The story of how Thomas Zoells founded PianoForte Chicago ( travels a picaresque path straight out of Dickens: Amateur pianist yearns to get into the music business in the worst way… and does, working for a management agency in London. He later joins a Swiss bank, hoping for a transfer to America, and soon lands in New York, which he loves, then is shipped off to Chicago. There he meets a long-lost great-aunt of some means and eventually ends up selling what many consider the finest piano in the world, despite an utter lack of relevant experience in either sales or piano technology.

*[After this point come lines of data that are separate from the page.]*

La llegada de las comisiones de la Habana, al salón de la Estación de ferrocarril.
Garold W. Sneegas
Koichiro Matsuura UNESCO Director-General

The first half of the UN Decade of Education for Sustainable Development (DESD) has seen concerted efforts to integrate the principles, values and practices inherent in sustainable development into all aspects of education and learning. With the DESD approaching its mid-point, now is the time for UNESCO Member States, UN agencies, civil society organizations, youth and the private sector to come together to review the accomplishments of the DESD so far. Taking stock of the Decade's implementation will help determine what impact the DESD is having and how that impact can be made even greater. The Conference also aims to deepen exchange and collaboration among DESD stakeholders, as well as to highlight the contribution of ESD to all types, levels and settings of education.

Zoells grew up with a love of classical music and “a wish to combine music with some form of business, because I knew I couldn’t be a performer,” which led him to get a business degree at the age of 20. As a Chicago-based banker, he found his plan receding rapidly until, on a visit to Geneva, he stumbled into a piano store and, to kill time, tried out some of their high-end pianos. “There was a Bösendorfer, a Steinway, a Bechstein, many others, and three Fazioli grands, which had only come onto the market a few years earlier,” Zoells recalls. “And when I played the Fazioli, I couldn’t believe what I could do with it.”

That night he e-mailed the Fazioli Company to ask where he could see this instrument in Chicago; receiving no reply, he returned home and started calling dealers. “They said, ‘Fazioli? What is that? A pasta?’ I found out there was no Fazioli distributor in Chicago. The Midwest market favored middle-market brands.” So he came up with a plan to sell Faziolis where no Faziolis had gone before. And to make it so, he set up a meeting with Paolo Fazioli himself: Bolstered by an introduction from a mutual friend, and armed with a buttoned-down business plan, Zoells flew to the factory outside Venice.

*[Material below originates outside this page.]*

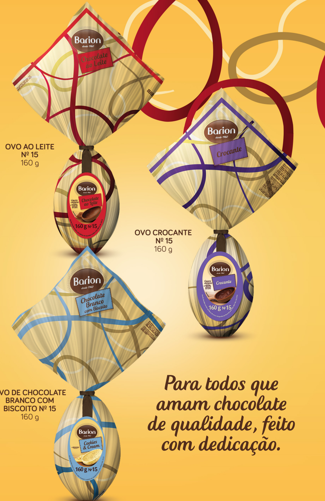
OVO AO LEITE Nº 15 160 g
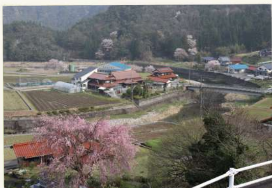
戸川のお花見日和 KAVU

“Before we started, Mr. Fazioli said he needed to do a couple things. He said, ‘Here’s the selection room, and here are two concert grands. One of them has just been chosen by Aldo Ciccolini, but they don’t have the same design; I made some changes between the two. Why don’t you play a little and tell me what you think?’ I didn’t realize it was a sort of test. When he came in I told him, ‘I like this one better; I feel like it sings a little more.’ And he said, ‘Good answer—that’s the improved version! But the strange thing is that Ciccolini picked the other one.’”

“Mr. Fazioli didn’t know me or understand why I was suggesting this business plan. But he asked a million questions, and by the time we looked up, four hours had gone by, and he jumps up from his chair and says, ‘If you want to do this, it’s fine with me.’”

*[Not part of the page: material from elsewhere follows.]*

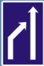
C 22b: zúženie počtu jazdných pruhov

Vodič idúci v priebežnom jazdnom pruhu je povinný umožniť vodičovi prvého vozidla v jazdnom pruhu s prekážkou, ak dáva znamenie o zmene smeru jazdy. Platí, že vodič idúci do priebežného pruhu nemôže ohroziť vodiča v priebežnom jazdnom pruhu.

Zoells used that imprimatur as the cornerstone for an institution tasked with “preserving and promoting the art of the piano in Chicago.” In 2004, he opened PianoForte Chicago in the city’s Fine Arts Building, an 1885 Romanesque masterpiece one block from the home of the Chicago Symphony. Within a month he was hosting his first concerts (including one by Brenda Huang); he has expanded to encompass jazz as well as classical music, with artists such as Paul Barnes, Vijay Iyer, and Ieva Jokubaviciute. The exclusive clientele for Faziolis, which start in the $100,000 range, soon impelled Zoells to add other lines to his inventory; he now carries seven, in an 11,000-square-foot space he bought in 2013 (using an inheritance from that long-lost Chicago great-aunt). A second salesroom opened this fall on North Michigan Avenue, the city’s high-end shopping district.

It's all thanks to what Zoells calls the “goofy plan” he submitted to Fazioli in Venice. “I had no experience in the piano business, but I really loved Faziolis and really wanted to sell them, and I was going to present live music, which was very important to Mr. Fazioli. And through some miracle, he said yes.”